It wasn't just me who worried about our atrophying design and technology skills: we lost two more veteran team members over the course of the year, while hiring happened only elsewhere and even there did not fully replace all resources that had left (and those replacements were all entry-level). Our team consisted of four developers, two QA engineers, Product Owner and Scrum Master / Project Manager, and two rogue developers who were associated with our team, but actually worked on completely separate stuff. One positive side effect of the boring nature of our work was that it allowed us to easily adapt to the phase of home office that started during the Corona virus lock-down in March: The web service conversions could be done by individual developers and required no collaboration; each of us had ample general knowledge but knew no details about the functionality; each sprint, some would work on those features and the rest would handle incoming defects.

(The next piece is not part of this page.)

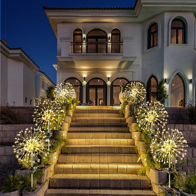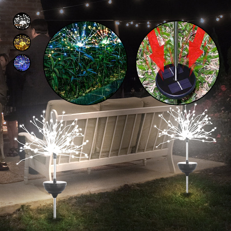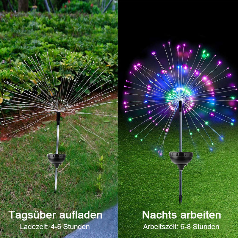 BREITE ANWENDUNG: Das Feuerwerkslicht kann auf Ihrem Garten, Ihrer Terrasse, Ihrem Rasen, Ihrer Hinterhofstraße, Ihrem Swimmingpool und mehr Orten installiert werden, um das gewünschte Ambiente zu erzielen.

So we steadily delivered one web service after the other; the pressure definitely was on the UI teams who had to tackle the huge task of re-implementing all Flex UIs, a task which once more had been hugely underestimated by management and was started way too late despite the hard deadline. It subsequently exhibited the whole cornucopia of corporate mismanagement: the mentioned poaching of developers from other teams, then short-term hiring of contractors (which the Indian part of the organization even didn't manage to do due to the huge competition there), extension of command-line interfaces as a fallback should the UI not be ready, and finally preparing external documentation of the internal data formats so that customers could edit those in raw form.
The permanent overload of the UI teams caused backend changes to be picked up only several Sprints later (or even months later in the next PI), so first there was no feedback at all (we followed a "lightweight" documentation approach through sketching the requests and responses in a Wiki page; that was our anti-Agile "throwing over the wall") and then suddenly pressing urgent defects that prevented the UI team from accomplishing their feature. All those unrealistic schedules prevented us from making any significant steps toward an effective agile setup: No more UI / backend segregation, refactoring of the architecture towards componentization and consistency.

I did implement a Jenkins-based CI build that is triggered by pull requests, but only for one of our large legacy repositories; the inclusion of the second big one could have been a matter of simple copy-and-paste if only we had done just minor steps towards consistency. Sigh. The third main repository is now owned by an offshore team; management was very keen on us doing a training session, but nothing came of that. I think that they are lacking the senior developers that understand the value of leveraging such efforts; the mostly junior developers there are even more trapped in the wild dash of feature development, lacking the clout and long-term perspective. The problem is that these sites and behaviors are expanding, whereas we're steadily losing those veterans that so far have upheld our competitive edge. Whatever change there is is too little, too late. Three years have passed since the big company merger, yet the company is still mostly split into two separate tech stacks, a notebook replacement process has been reinstated only now (so I'm still using one with a broken battery that's been in use for eight years now — that's also severely limiting my options for working from home); IT support is unhelpful, and basic processes (like updating the internal address book) are broken. No wonder that since its all-time high, the share price has taken double-digit dives — not once or twice, but a full five times, and the company is valued at less than a tenth. So sad.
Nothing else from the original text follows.